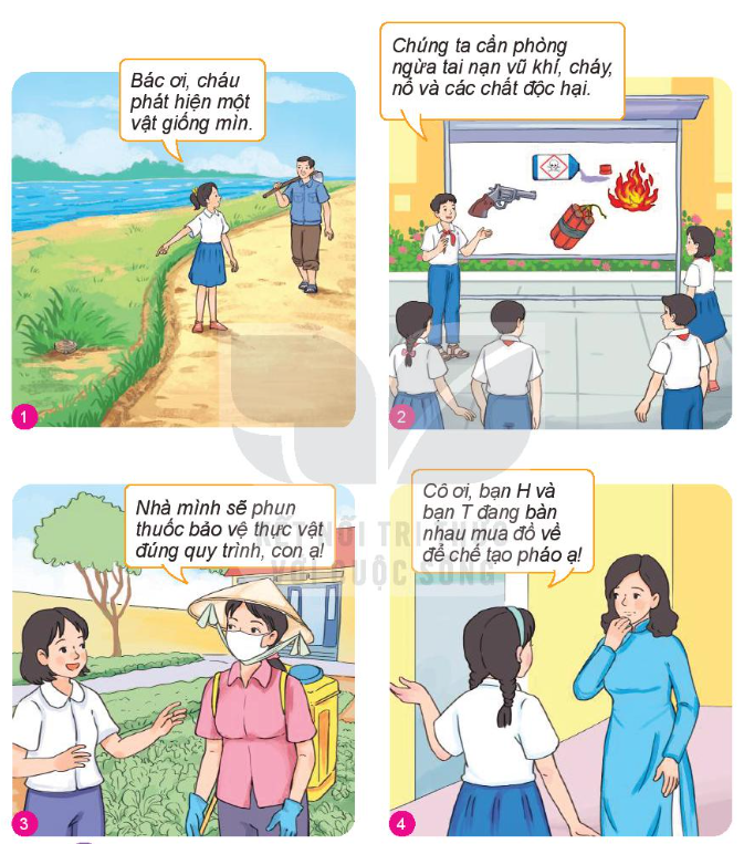 a) Em hãy cho biết những nhân vật trong các bức tranh trên đã làm gì để phòng ngừa tai nạn vũ khí, cháy, nổ và các chất độc hại.
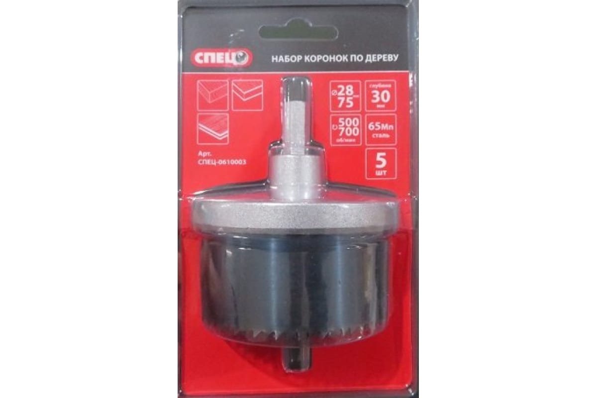 —Набор коронок по дереву (5 шт; 28-75 мм; 30 мм) Спец СПЕЦ-0610003
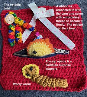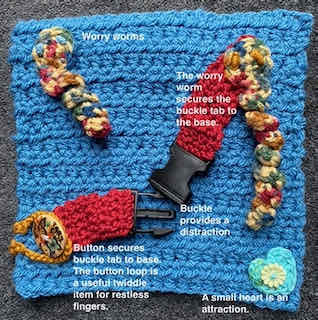 It’s all about having fun and seeing where your creations take you. Just start with one idea and keep going. You might be surprised where you end up. The sensory pleasure for the recipient and timeout for you to create a twiddle mat, muffin or cuff is priceless and of benefit to you and the recipient.
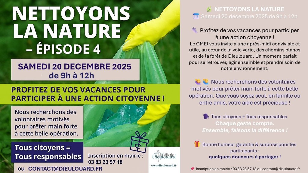 [17/12/2025] L’opération « Nettoyons la Nature » prévue le 20 décembre est annulée et reportée à une date ultérieure, en raison d’un nombre insuffisant de participants.
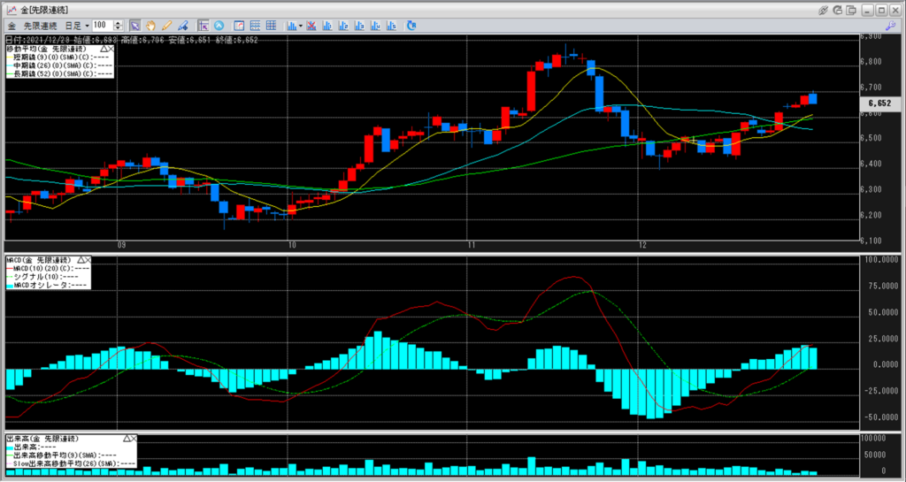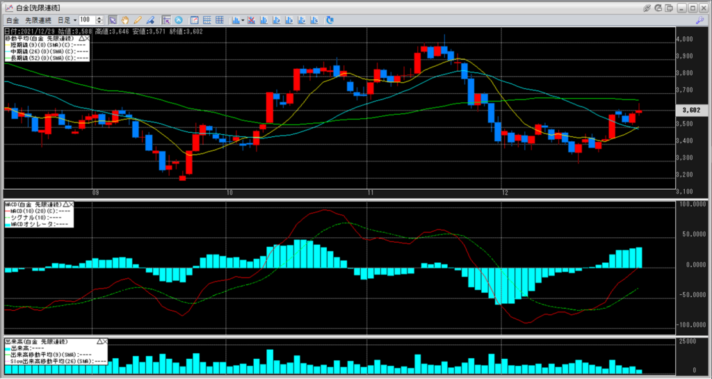 移動平均の短期線は上向き、中期線は下向き、長期線は上向きとなっています。
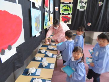 大きいお友だちは、順番がくるまで静かに並んで待っています。
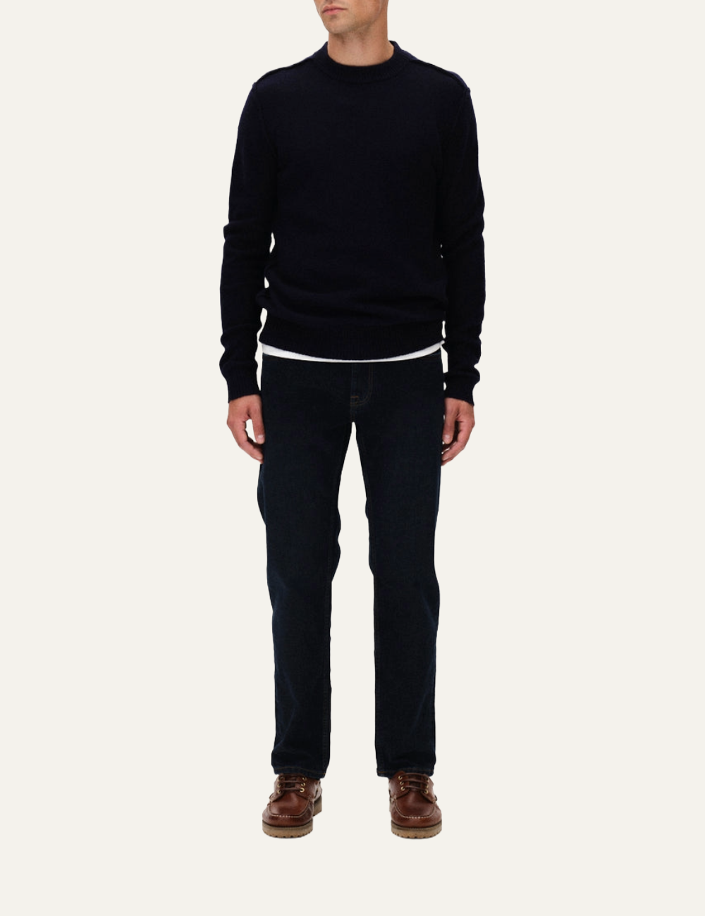 - Σκούρο μπλε denim με dark rinse πλύσιμο
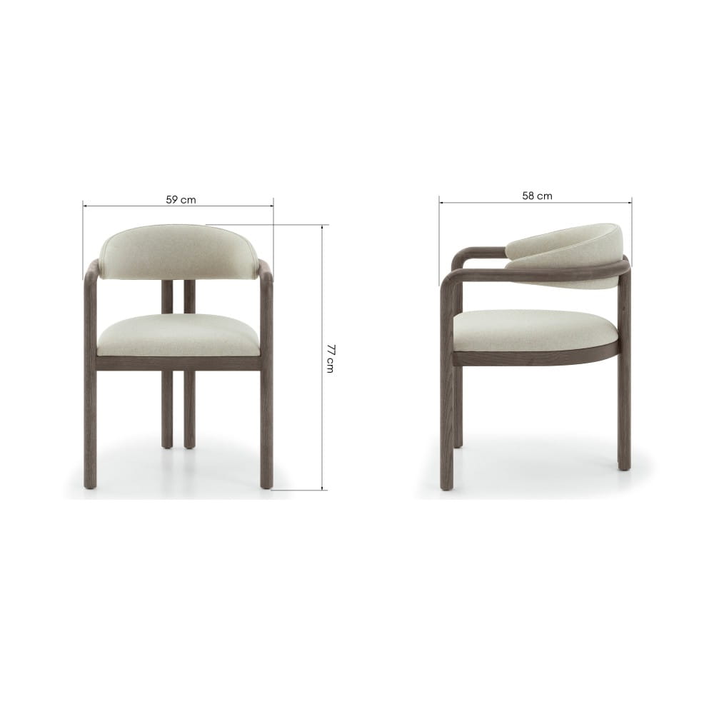 PALENA to nowoczesne krzesło, które przyciąga uwagę wyrafinowaną formą i naturalnym materiałem. Konstrukcja wykonana z litego drewna dębowego w głębokim, szlachetnym odcieniu espresso harmonijnie łączy się z tapicerką w ciepłym beżowym tonie.
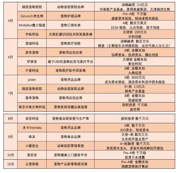 據(jù)不完全統(tǒng)計(jì),2018下半年寵物行業(yè)約完成了10起融資,約為上半年數(shù)量的二分之一,下半年融資情況從金額與輪次來看,融資大多為千萬級(jí),多發(fā)生在企業(yè)中后期,并以寵物醫(yī)療、寵物用品品牌為主,預(yù)計(jì)總數(shù)額近3億元。
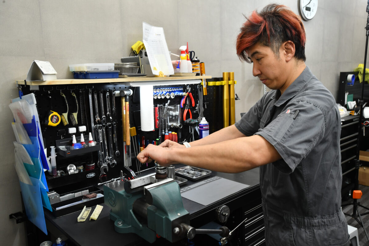 全日本ロードレース参戦チームもサポートし、その技術力は多くのトップライダーから厚い信頼を得ているが、G sense代表の舟橋 潤さんは「初心者や、ライディング技術に不安を感じている人こそ、自分に合ったサスペンションに乗ったほうがいいです」と言う。

» Task statement: The copy should hold exactly the lines above from the one with "It’s all about" through the one with "移動平均の短期線は上向き、中期線は下向き、長期線は上向きとなっています。", both ends counted, and no pictures at all.

» Solution to the problem:
 It’s all about having fun and seeing where your creations take you. Just start with one idea and keep going. You might be surprised where you end up. The sensory pleasure for the recipient and timeout for you to create a twiddle mat, muffin or cuff is priceless and of benefit to you and the recipient.
 [17/12/2025] L’opération « Nettoyons la Nature » prévue le 20 décembre est annulée et reportée à une date ultérieure, en raison d’un nombre insuffisant de participants.
 移動平均の短期線は上向き、中期線は下向き、長期線は上向きとなっています。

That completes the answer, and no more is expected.